[2/3] sched/nohz: Update comments about NEWILB_KICK

Message ID 20231020014031.919742-2-joel@joelfernandes.org
State New
Headers
Series [1/3] sched/nohz: Update nohz.next_balance directly without IPIs (v2) |

Commit Message

Joel Fernandes Oct. 20, 2023, 1:40 a.m. UTC
  How ILB is triggered without IPIs is cryptic. Out of mercy for future
code readers, document it in code comments.

The comments are derived from a discussion with Vincent in a past
review.

Cc: Suleiman Souhlal <suleiman@google.com>
Cc: Steven Rostedt <rostedt@goodmis.org>
Cc: Frederic Weisbecker <frederic@kernel.org>
Cc: Paul E. McKenney <paulmck@kernel.org>
Signed-off-by: Joel Fernandes (Google) <joel@joelfernandes.org>
---
 kernel/sched/fair.c | 15 +++++++++++++--
 1 file changed, 13 insertions(+), 2 deletions(-)
  

Comments

Ingo Molnar Oct. 20, 2023, 7:51 a.m. UTC | #1
* Joel Fernandes (Google) <joel@joelfernandes.org> wrote:

> How ILB is triggered without IPIs is cryptic. Out of mercy for future
> code readers, document it in code comments.
> 
> The comments are derived from a discussion with Vincent in a past
> review.
> 
> Cc: Suleiman Souhlal <suleiman@google.com>
> Cc: Steven Rostedt <rostedt@goodmis.org>
> Cc: Frederic Weisbecker <frederic@kernel.org>
> Cc: Paul E. McKenney <paulmck@kernel.org>
> Signed-off-by: Joel Fernandes (Google) <joel@joelfernandes.org>
> ---
>  kernel/sched/fair.c | 15 +++++++++++++--
>  1 file changed, 13 insertions(+), 2 deletions(-)
> 
> diff --git a/kernel/sched/fair.c b/kernel/sched/fair.c
> index 965c30fbbe5c..8e276d12c3cb 100644
> --- a/kernel/sched/fair.c
> +++ b/kernel/sched/fair.c
> @@ -11959,8 +11959,19 @@ static bool nohz_idle_balance(struct rq *this_rq, enum cpu_idle_type idle)
>  }
>  
>  /*
> - * Check if we need to run the ILB for updating blocked load before entering
> - * idle state.
> + * Check if we need to directly run the ILB for updating blocked load before
> + * entering idle state. Here we run ILB directly without issuing IPIs.
> + *
> + * Note that when this function is called, the tick may not yet be stopped on
> + * this CPU yet. nohz.idle_cpus_mask is updated only when tick is stopped and
> + * cleared on the next busy tick. In other words, nohz.idle_cpus_mask updates
> + * don't align with CPUs enter/exit idle to avoid bottlenecks due to high idle
> + * entry/exit rate (usec). So it is possible that _nohz_idle_balance() is
> + * called from this function on (this) CPU that's not yet in the mask. That's
> + * OK because the goal of nohz_run_idle_balance() is to run ILB only for
> + * updating the blocked load of already idle CPUs without waking up one of
> + * those idle CPUs and outside the preempt disable / irq off phase of the local
> + * cpu about to enter idle, because it can take a long time.

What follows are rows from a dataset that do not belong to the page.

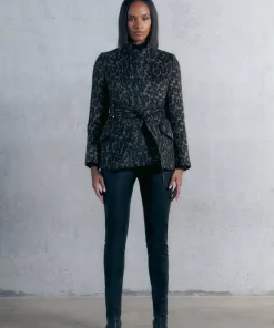 Crafted with a subtle leopard print motif, this jacquard jacket adds a suave touch to casual styling.
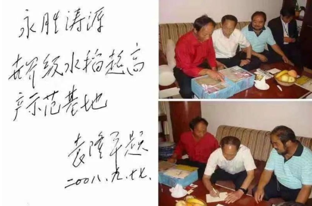 2008年,袁隆平为涛源题词。(资料图)
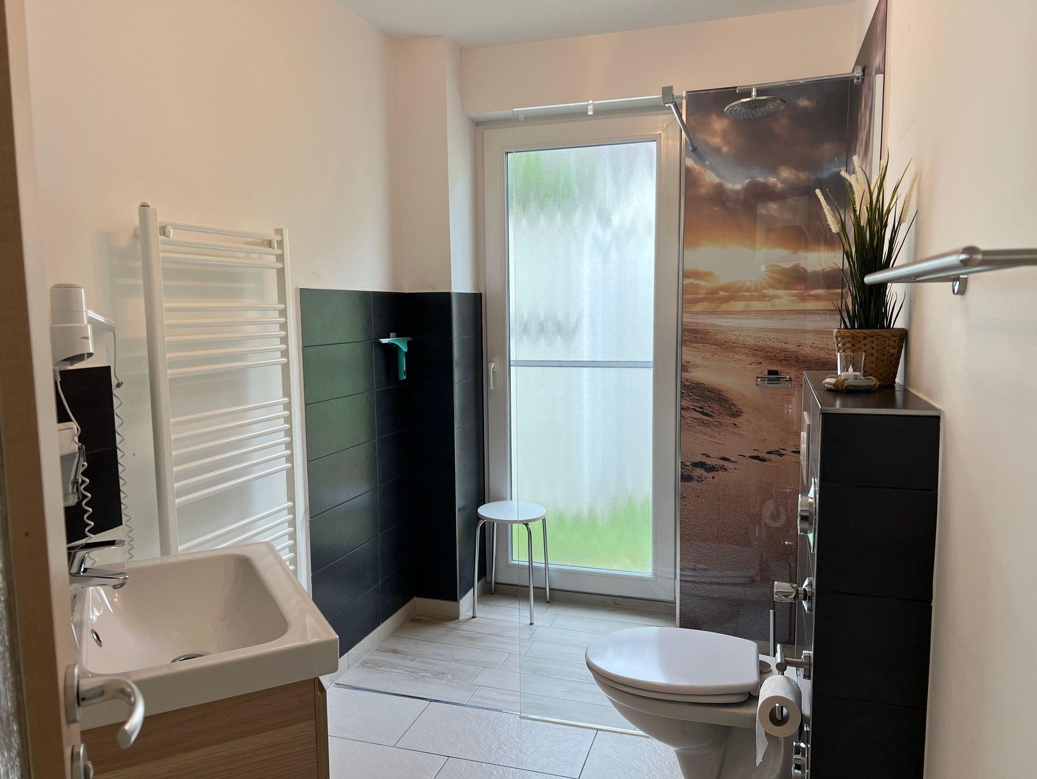 • Bad mit Dusche, WC, Handtuchwärmer und Haartrockner
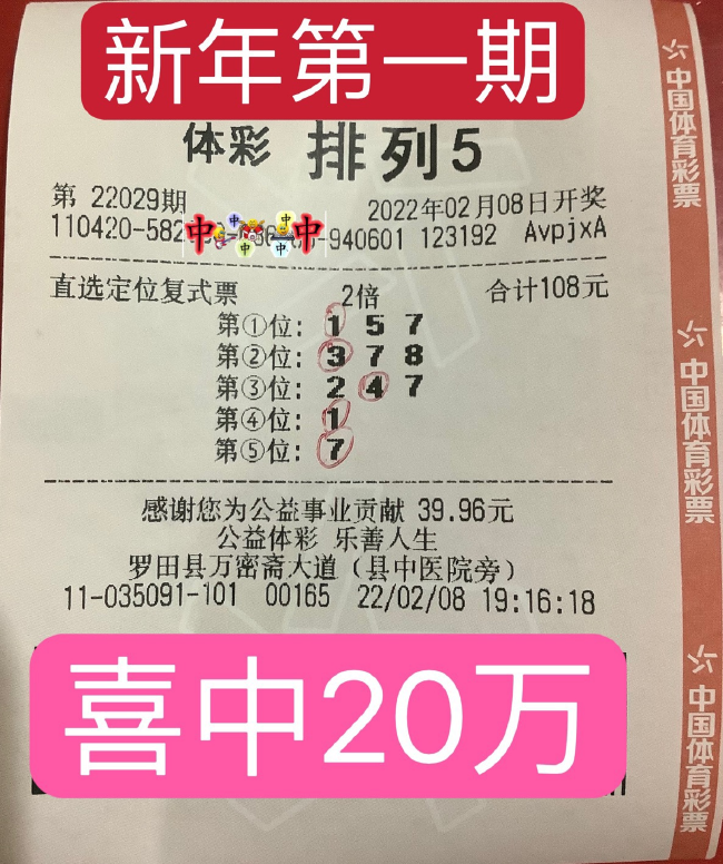 2月8日,体彩开市首日,黄冈罗田县一位资深购彩者采用直选定位复式2倍的方式,中得虎年首期排列5大奖20万元。
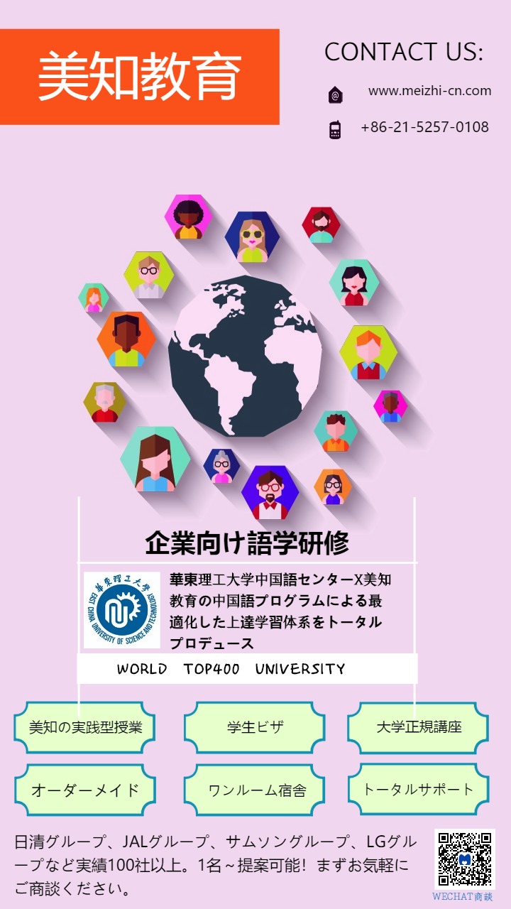 上海美知中国語学校は古北(日本人をはじめ外国人が多く居住する高級住宅街)に中国語教室を構えています。授業内容はピンインから学ぶ基礎中国語から、文 法を中心とする授業、日常生活会話、ビジネス会話、中国語検定試験対策、駐在員の方への企業語学研修、上海中国語家庭教師派遣、上海短期留学|プチ留学プログラム、インターネットライティング講座、WEBオンライン中国語ライブレッスン、生徒さんそれぞれに合わせたHSK1級~6級対策講座などが設けられています。上海で中国語を本格的に楽しく身につけたい人の為の中国語教室なら、「美知」へ! 古北校:上海市長寧区紅宝石路533号210室(花世界2階) 電話:+86-21-52570108 HP:www.meizhi-cn.com E-mail:meizhishangahi@yahoo.co.jp
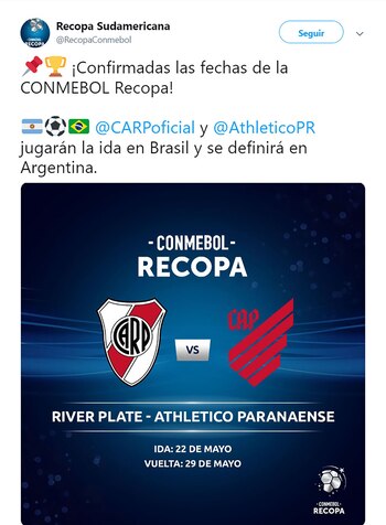 En la reunión de Consejo de la Conmebol, que se llevó a cabo en Río de Janeiro, sede del sorteo de la Copa América, quedaron definidas las fechas de disputa de la Recopa Sudamericana, cetro por el que se medirán River Plate (campeón de la Copa Libertadores) y Atlético Paranaense (vencedor de la Sudamericana).
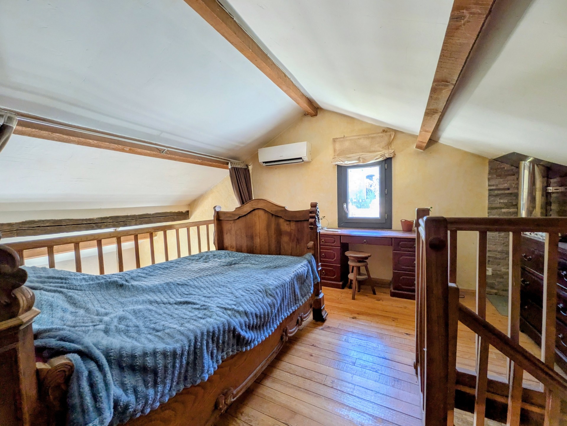 Récemment rénovée, elle offre un confort moderne avec double vitrage et pompe à chaleur, garantissant une bonne performance énergétique. La maison dispose d’une spacieuse pièce de vie, d’une chambre de plain-pied, ainsi qu’une seconde chambre aménagée dans une mezzanine pleine de caractère.
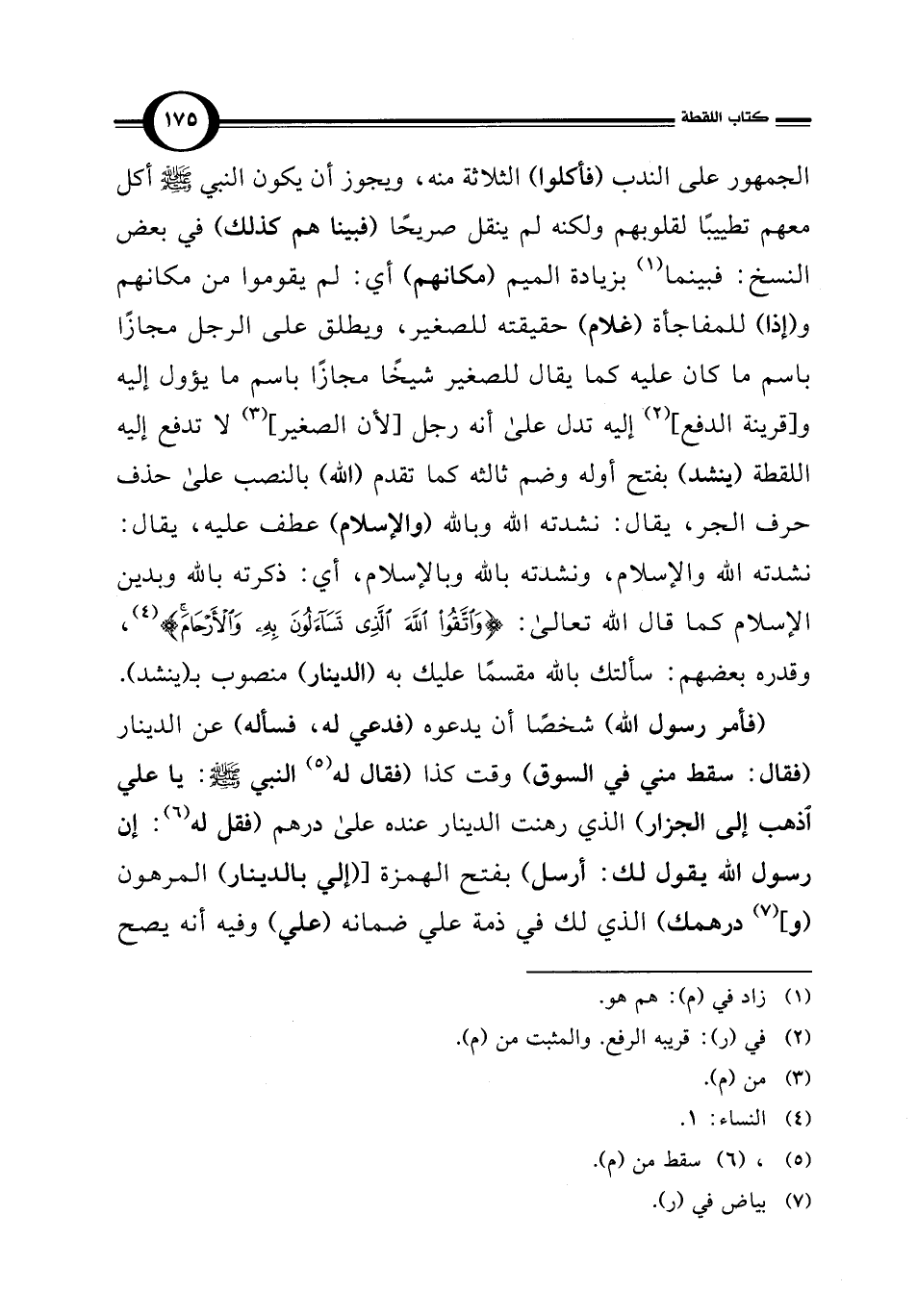 الجمهور على الندب (فأكلوا) الثلاثة منه، ويجوز أن يكون النبي - صلى الله عليه وسلم - أكل معهم تطييبًا لقلوبهم ولكنه لم ينقل صريحًا (فبينا هم كذلك) في بعض النسخ: فبينما (¬1) بزيادة الميم (مكانهم) أي: لم يقوموا من مكانهم و (إذا) للمفاجأة (غلام) حقيقته للصغير، ويطلق على الرجل مجازًا باسم ما كان عليه كما يقال للصغير شيخًا مجازًا باسم ما يؤول إليه و [قرينة الدفع] (¬2) إليه تدل على أنه رجل [لأن الصغير] (¬3) لا تدفع إليه اللقطة (ينشد) بفتح أوله وضم ثالثه كما تقدم (الله) بالنصب على حذف حرف الجر، يقال: نشدته الله وبالله (والإسلام) عطف عليه، يقال: نشدته الله والإسلام، ونشدته بالله وبالإسلام، أي: ذكرته بالله وبدين الإسلام كما قال الله تعالى: {وَاتَّقُوا اللَّهَ الَّذِي تَسَاءَلُونَ بِهِ وَالْأَرْحَامَ} (¬4)، وقدره بعضهم: سألتك بالله مقسمًا عليك به (الدينار) منصوب بـ (ينشد).
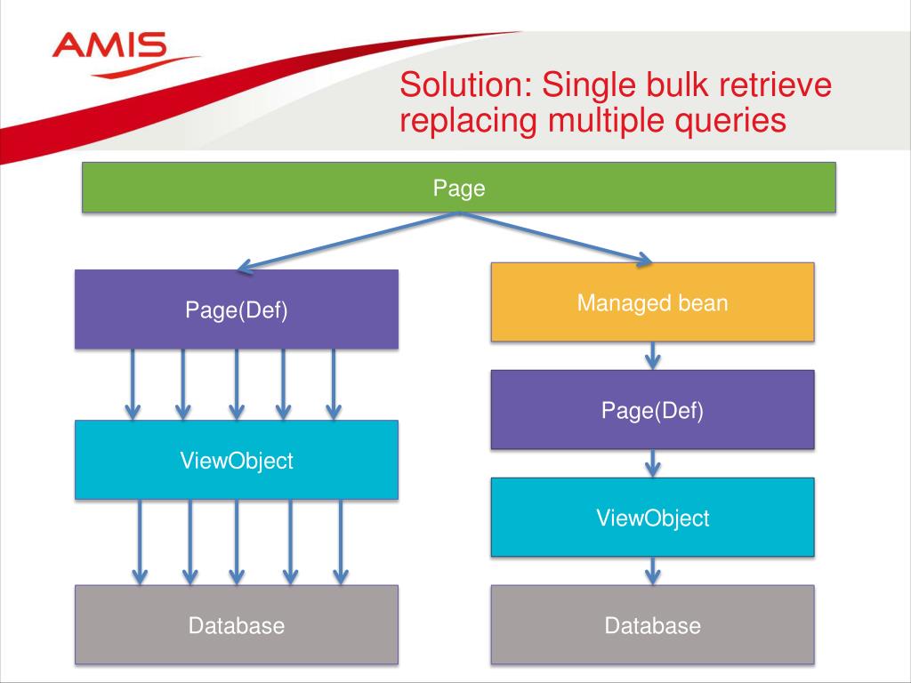 Solution: Single bulk retrieve replacing multiple queries Page Managed bean Page(Def) Page(Def) ViewObject ViewObject Database Database
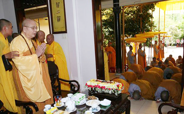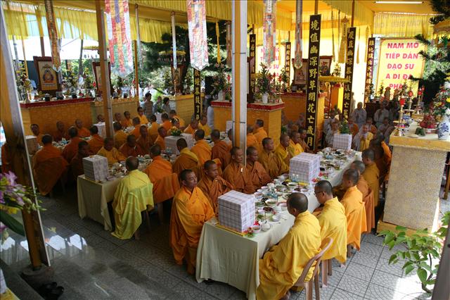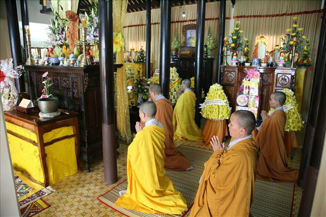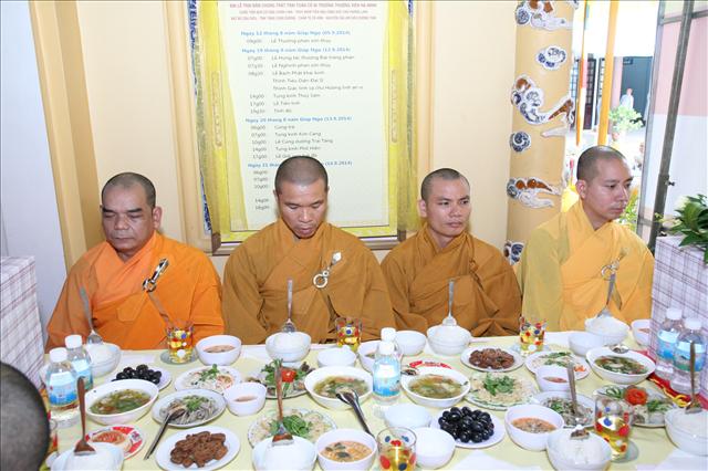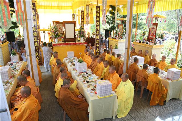 Thực hiện tấm lòng tri ân và báo ân của người con Phật. Chúng con và môn đồ pháp quyến, thừa hành nghiêm huấn, thuận chúc bảo uy, nguyện noi gương sáng của Ni trưởng hoà mình trong chánh Pháp, để đi suốt đoạn đường thượng cầu Phật đạo, hạ hoá chúng sinh mà Cố Ni trưởng của chúng con đã thể hiện khi sanh tiền. Để đền đáp ân đức của Cố Ni trưởng, hôm nay toàn thể môn đồ pháp quyến chúng con, tâm đồng ý hiệp, hoà hợp cùng nhau thành tâm đốt nén tâm hương ngũ phần, dâng nước Bát Nhã trắng trong, lấy nước lục hoà rửa tay thanh tịnh, thành tâm thiết lễ trai tăng kính dâng lên cúng dường mười phương Tam Bảo và hiện tiền chư Tôn Hoà thượng, Thượng tọa, Đại đức Tăng, quý Ni trưởng, Ni sư, chư Tôn đức Ni, chúng con xin hồi hướng công đức cúng dường này cầu nguyện cho Giác linh Cố Ni trưởng chúng con cao đăng Phật quốc, hồi nhập Ta bà, độ tận hàm linh, đúng như bản hoài của chư Phật.
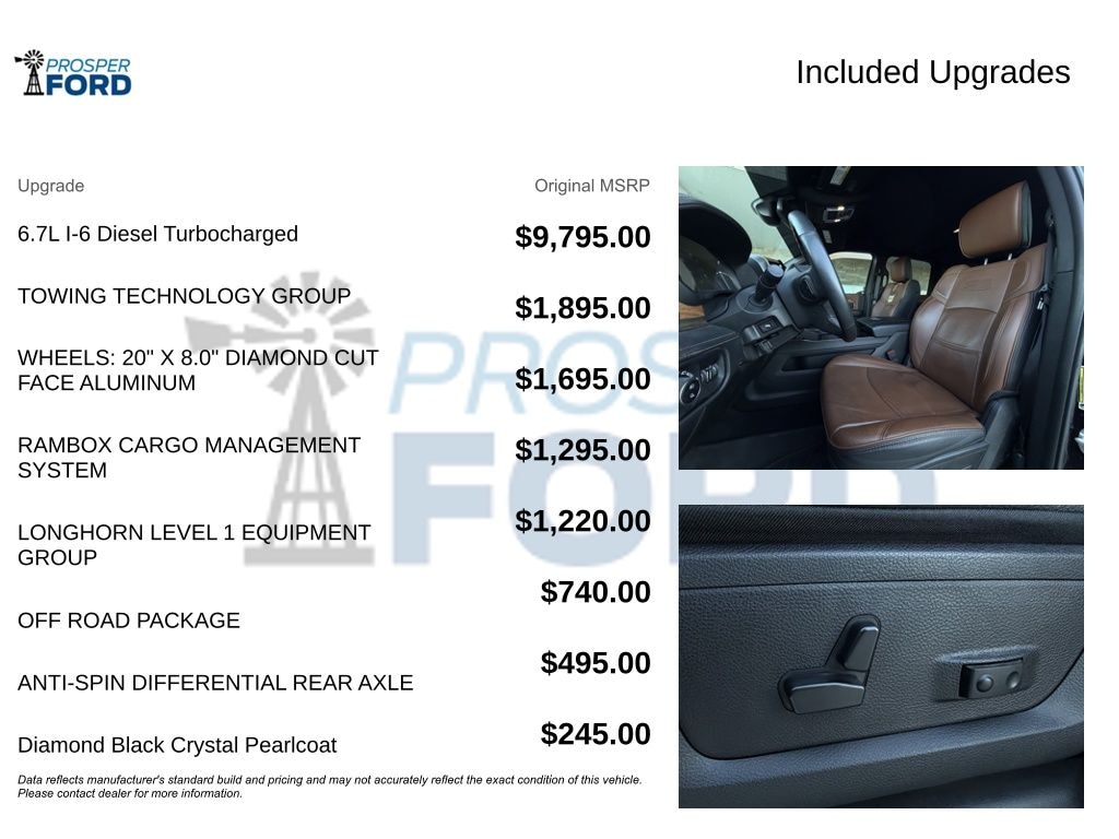 - Longhorn Level 1 Equipment Group (Blind Spot & Cross Path Detection, LED Bed Lighting, Power Deployable Running Boards, 12" Touchscreen Display, Ramcharger Wireless Charging Pad, Radio: Uconnect 5 Nav w/12.0" Display, MOPAR Spray In Bedliner, 17 Speaker harman/kardon Premium Sound)
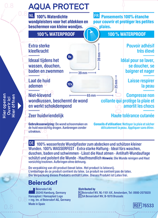 - Het flexibele, waterdichte materiaal beschermt de wond volledig tegen water tijdens het zwemmen, douchen of baden.

Much appreciated! Feel free to update comments for the entire relevant code 
base, a lot of it has become cryptic and under-documented at best as 
complexity increased ...

Thanks,

	Ingo
  

Patch

diff --git a/kernel/sched/fair.c b/kernel/sched/fair.c
index 965c30fbbe5c..8e276d12c3cb 100644
--- a/kernel/sched/fair.c
+++ b/kernel/sched/fair.c
@@ -11959,8 +11959,19 @@  static bool nohz_idle_balance(struct rq *this_rq, enum cpu_idle_type idle)
 }
 
 /*
- * Check if we need to run the ILB for updating blocked load before entering
- * idle state.
+ * Check if we need to directly run the ILB for updating blocked load before
+ * entering idle state. Here we run ILB directly without issuing IPIs.
+ *
+ * Note that when this function is called, the tick may not yet be stopped on
+ * this CPU yet. nohz.idle_cpus_mask is updated only when tick is stopped and
+ * cleared on the next busy tick. In other words, nohz.idle_cpus_mask updates
+ * don't align with CPUs enter/exit idle to avoid bottlenecks due to high idle
+ * entry/exit rate (usec). So it is possible that _nohz_idle_balance() is
+ * called from this function on (this) CPU that's not yet in the mask. That's
+ * OK because the goal of nohz_run_idle_balance() is to run ILB only for
+ * updating the blocked load of already idle CPUs without waking up one of
+ * those idle CPUs and outside the preempt disable / irq off phase of the local
+ * cpu about to enter idle, because it can take a long time.
  */
 void nohz_run_idle_balance(int cpu)
 {